The four gates below pass on a labelled 5,602-record corpus (not bundled — see the evidence pack; scripts/build_validation_corpus.py regenerates a synthetic corpus that exercises the gate logic, not these exact numbers):

Gate	Constraint	v0.2.0
V1 — proxy correlation	per-conv ρ ≥ 0.6, per-turn ρ ≥ 0.5	0.685 / 0.659
V2 — per-event P/R	every event P ≥ 0.7 AND R ≥ 0.7	all 16 events ≥ 0.70 / 0.70
V3 — beats heuristics	rho lift > 25%, structural P ≥ 0.6	+202.4% lift, P=R=1.00
V5 — cross-domain	per-turn ρ ≥ 0.4 AND per-conv ρ ≥ 0.48	min 0.517 / 0.718

Cross-embedding stability: ρ_conv spread 0.026, ρ_turn spread 0.018 across three sentence-transformer backends (22M / 33M / 110M params). The fidelity signal lives in conversational structure, not in the embedding manifold. (Note: cross-embedding stability on the same corpus is distinct from cross-corpus OOD — first third-party run on MT-Bench pairwise labels gave ρ = 0.039; see evidence pack §Fix 4.)

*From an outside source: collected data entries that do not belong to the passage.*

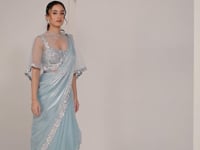 Sky Satin Silk Ready To Wear One Minute Saree With Heavy Handwork Blouse
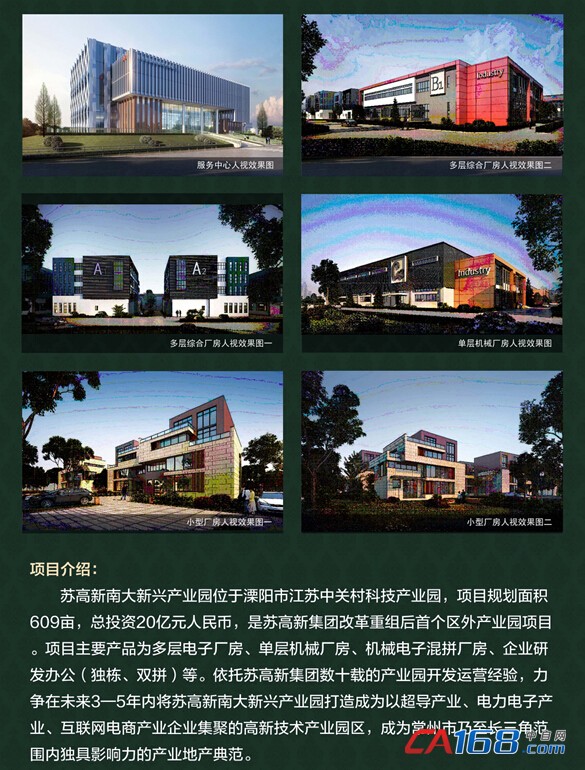 苏高新南大新兴产业园项目位于溧阳市江苏中关村科技产业园内,规划面积609亩,项目建设投资约20亿元,是苏州高新科技发展有限公司鼎力打造的首个跨市级产业园。苏高新南大新兴产业园整体定位为华东地区品质最优、影响力巨大的节能环保产业园,着重引进节能环保、智能电网、高端装备制造、新材料、电子信息等优势支柱产业企业项目。该项目建设周期为5年,将分三期建设,总建筑面积达44万平米,建成后将成为集商务办公、科技研发、教育培训、科技金融、产学研合作平台、科技服务平台等功能于一体的绿色、智慧、生态、节能型科技示范园。
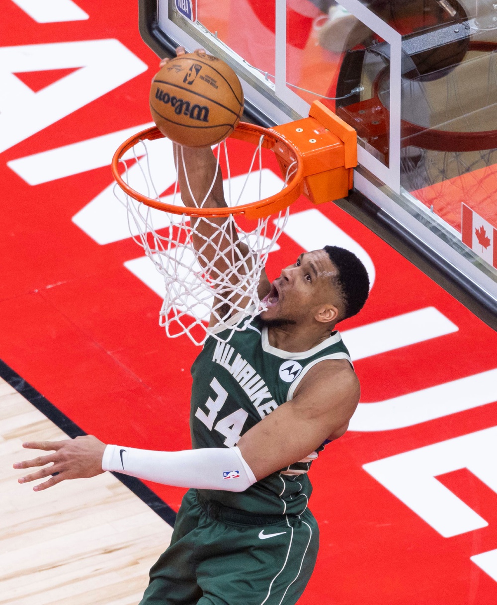 雄鹿队球员安特托昆博在比赛中扣篮。
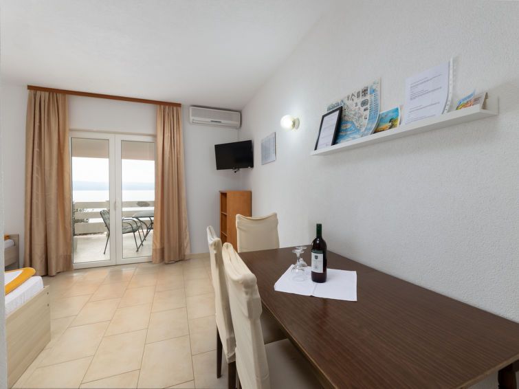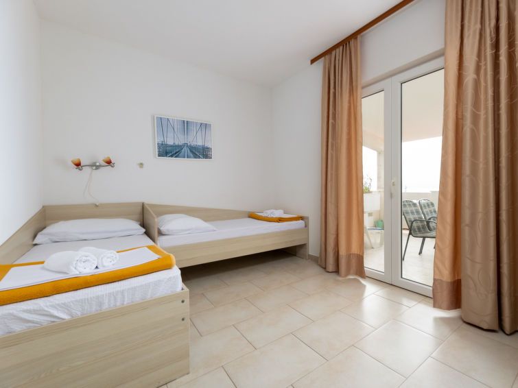 "A1", 2-room apartment 39 m2 on 1st floor, south facing position. Living/sleeping room with 2 beds (90 cm, length 200 cm), satellite TV (flat screen), air conditioning. Exit to the terrace. 1 room with 1 french bed (180 cm, length 200 cm). Open kitchen (4 hot plates, microwave, freezer).
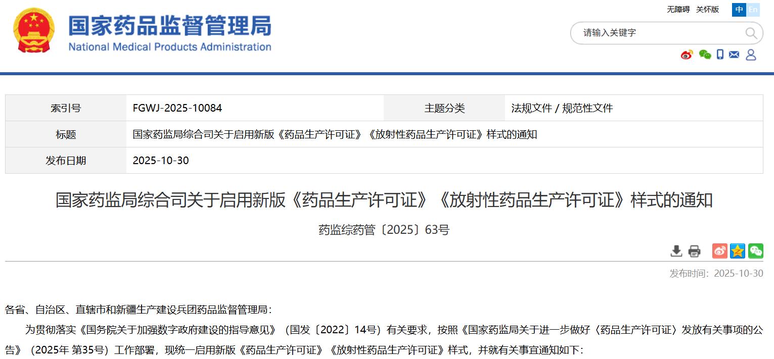 國家藥監(jiān)局綜合司關(guān)于啟用新版《藥品生產(chǎn)許可證》《放射性藥品生產(chǎn)許可證》樣式的通知
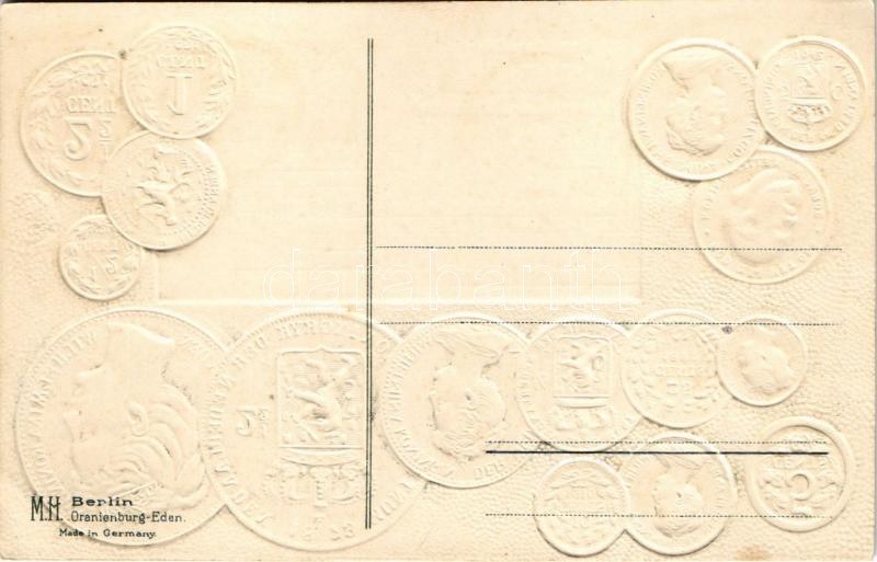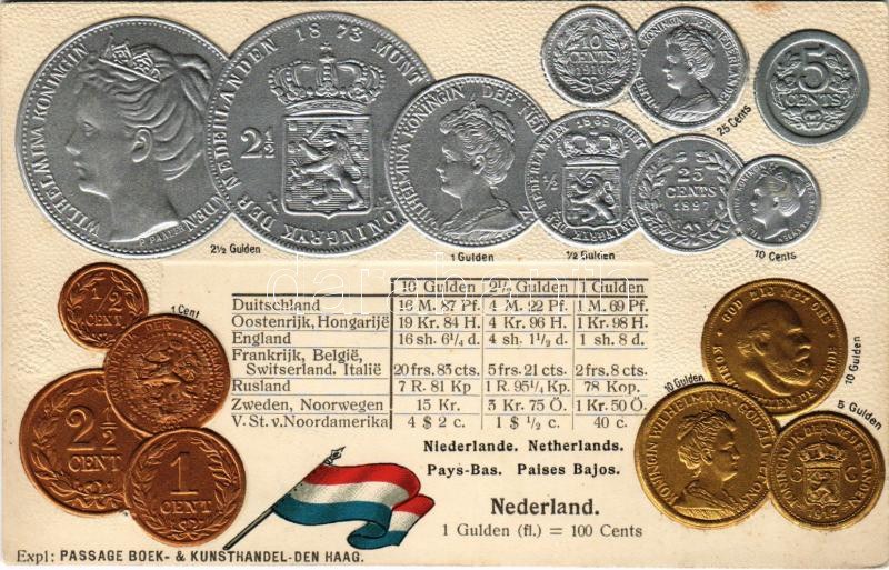 Nederland / Niederlande / Set of coins, currency exchange chart and flag of The Netherlands. M.H. Berlin-Oranienburg-Eden. Emb. litho (lyukak / pinholes)
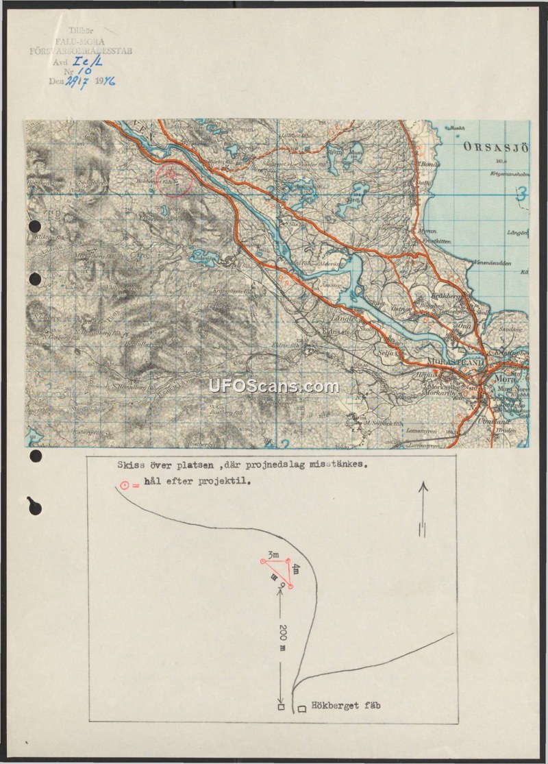 A 1976 Swedish military document identifying a site near Hökberget fäb where holes from a suspected projectile were located. It includes a topographical map and a site sketch.
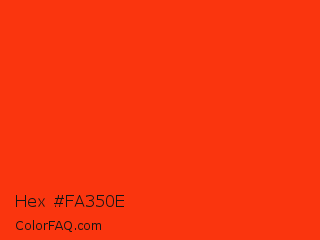 Hex #fa350e Color is a normal red color and the nearest color is Red RYB #fe2712. Hex code #fa350e and RGB value is rgb(250,53,14). In RGB color space, this color is composed of 98% red, 21% green, 5% blue, In CMYK color space, this color is composed of 0% cyan, 79% magenta, 94% yellow , 2% black , In HSL color space, this color has a hue angle of 10° , 96% saturation and 52% lightness.
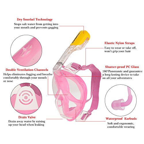- シュノーケル技術。フルフェイスマスクはシュノーケルのマウスピースをくわえる必要がないので、泳いでる最中によくあったマウスピースを噛み過ぎで顎が痛いという現象ともさよならできます。
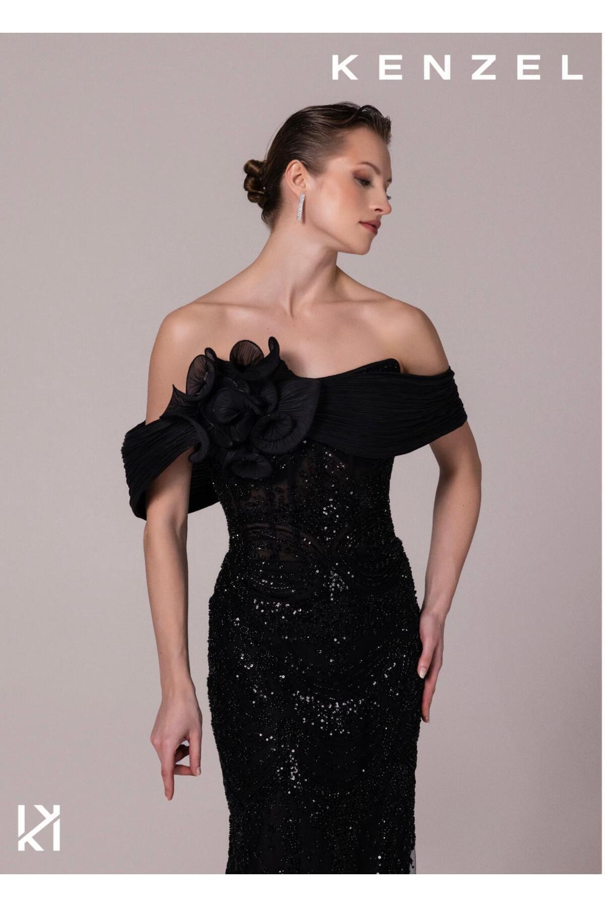 Omuz Detaylı Drapeli Yırtmaçlı Uzun Elbise Omuz Detaylı Drapeli Yırtmaçlı Uzun Elbise KENZEL*7109 44
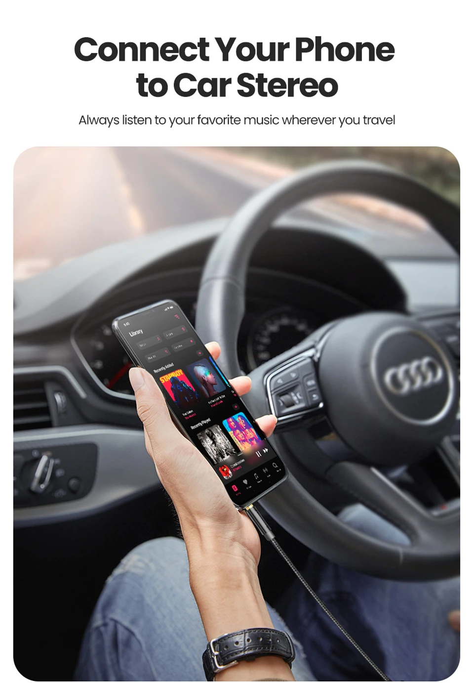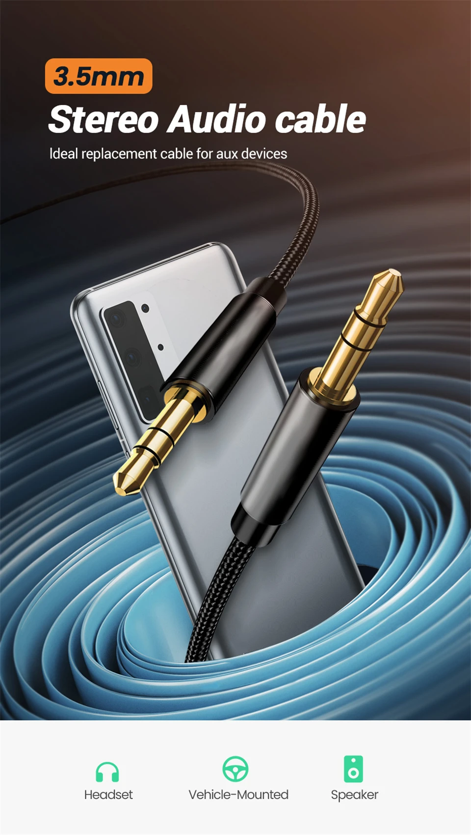 Аудиокабель UGREEN 3,5 мм, стерео вспомогательный кабель AUX, позол...
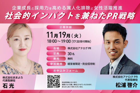 「企業の情報と印象をデザインする」をコンセプトに掲げ、メディアとWEBとオフラインを融合させたマーケティング戦略を提供する、株式会社アナログPR(本社:東京都港区、代表取締役:松浦啓介)は2024年11月19日(火)に、ひとり親の仕事創出と企業の人材不足を解決するアウトソーシングサービス「ままよろ」を提供する、株式会社ままよろ(本社:東京都渋谷区、代表取締役:石 光)とコラボセミナーを開催することをお知らせいたします。
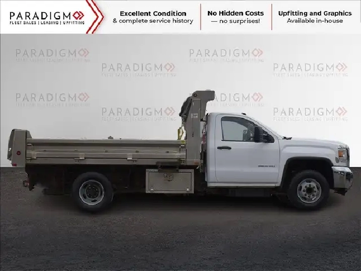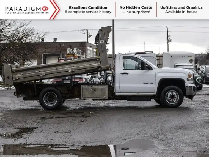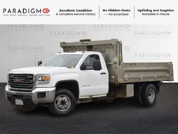The 2016 GMC Sierra 3500 dump truck is a robust and capable work-ready vehicle designed to handle demanding tasks. As a heavy-duty truck, it offers substantial payload and towing capacities, making it well-suited for construction, landscaping, and other commercial applications. The inclusion of a dump body enhances its utility, allowing for the easy transport and unloading of materials such as gravel, soil, and debris. Being work-ready typically implies that the truck is equipped with necessary features and configurations right from the dealership, potentially including durable interior materials, essential towing equipment, and a powertrain engineered for consistent performance under heavy loads. This model year of the Sierra 3500 is known for its strong engine options and durable build, contributing to its reputation as a reliable workhorse.
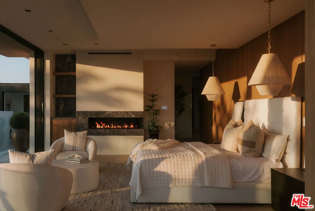 Positioned at the end of a private cul-de-sac in Bel-Air, this newly reimagined architectural estate spans approximately 10,000 square feet and captures sweeping 270-degree views across the Bel-Air Country Club, Pacific Ocean, Catalina Island, Century City skyline, and The Getty. Set behind private gates, the residence delivers scale, privacy, and presence. Walls of floor-to-ceiling glass frame the views and flood the main level with natural light, anchoring a grand great room, formal dining room with fireplace, state-of-the-art theater, and a refined bar with walk-in wine cellar. The chef's kitchen is designed for both performance and presentation, featuring dual islands wrapped in Arrebescato marble, top-tier appliances, and a separate butler's prep kitchen. Automated Fleetwood pocket doors disappear into the walls, opening to expansive terraces, a covered loggia, outdoor BBQ, and a dramatic 62-foot cantilevered pool. Upstairs, the primary suite spans approximately 2,200 square feet, offering a private view terrace, dual baths, and a dedicated lounge or executive office with wet bar. Three additional en-suite bedrooms and a secondary family lounge complete the upper level. Nearly every room commands unobstructed city and ocean views. A statement of design, privacy, and scale, this Bel-Air estate represents a rare offering in one of Los Angeles' most coveted enclaves.
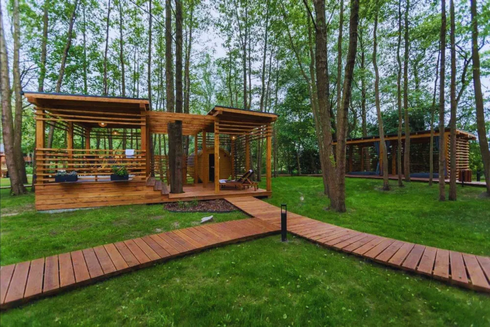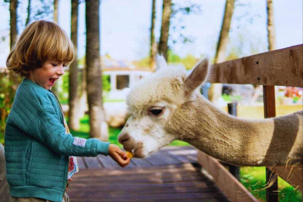 Prywatny park ze strefą do relaksu, minizoo z alpakami i alejkami do spacerowania, którymi można odbyć przyjemny poranny lub wieczorny spacer.
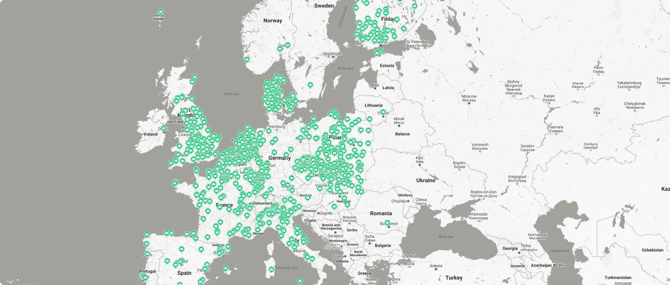 Miljödekaler skickas från Berlin, Köpenhamn, Brno och Paris.
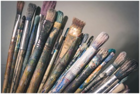 A collection of well-used paintbrushes with colorful paint marks against a neutral background.
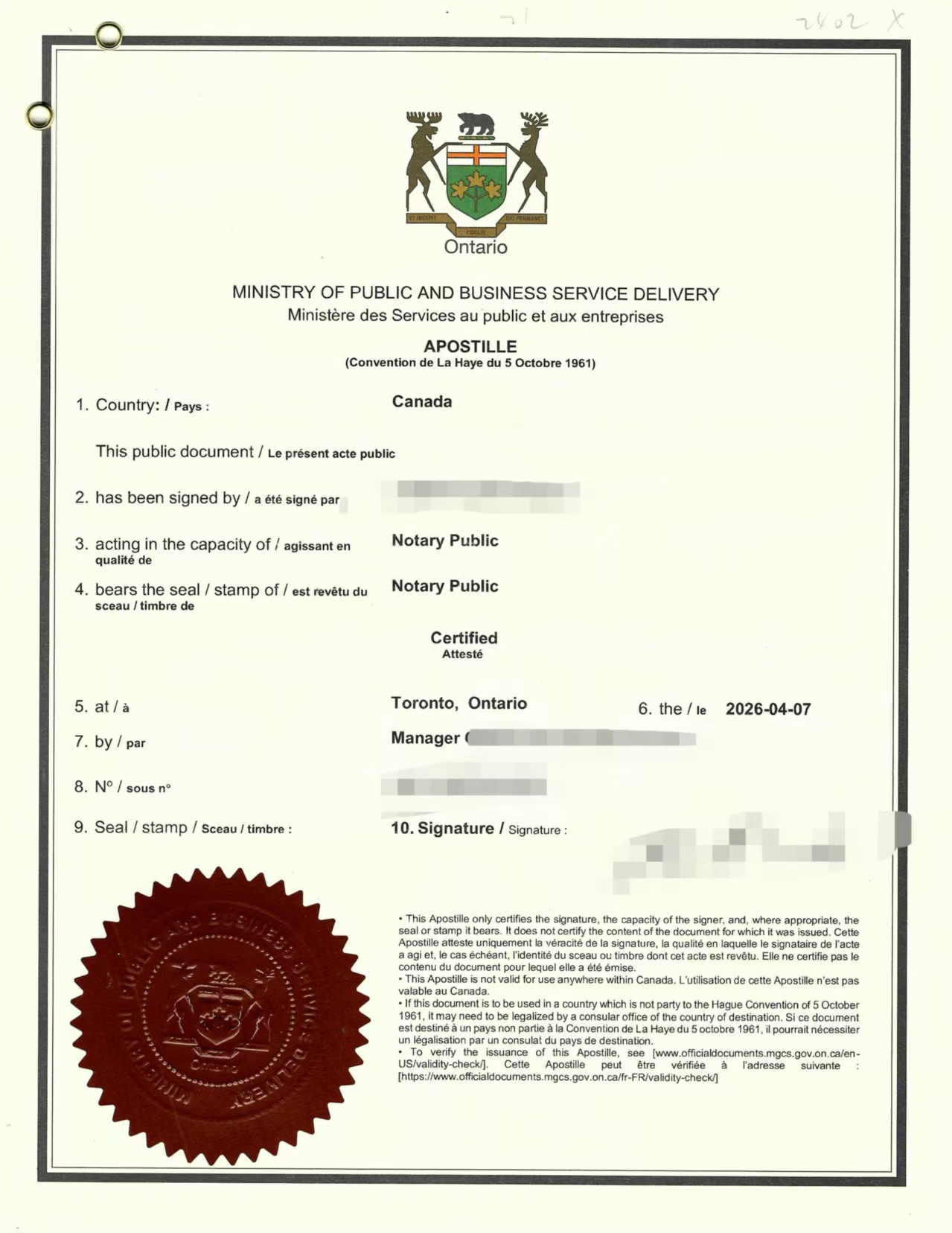 海牙认证由安省政府签发,明确认证了公证人的签名及身份,并标注签发地为Toronto, Ontario,签发日期为2026年4月7日

Remediation handoff: docs/reviews/DESIGN_FIXES_HANDOFF.md · gaps source: DESIGN_FIXES_redteam_remediation.md

Full evidence pack: docs/reviews/V0_2_0_EVIDENCE.md

Deployment

Self-hosted Docker (MCP server on port 3847)

cd deploy/docker
docker compose up

Horizon serves the MCP API via SSE. Point .cursor/mcp.json to http://localhost:3847/sse. The Dockerfile pre-caches the all-MiniLM-L6-v2 weights at build time — zero cold start.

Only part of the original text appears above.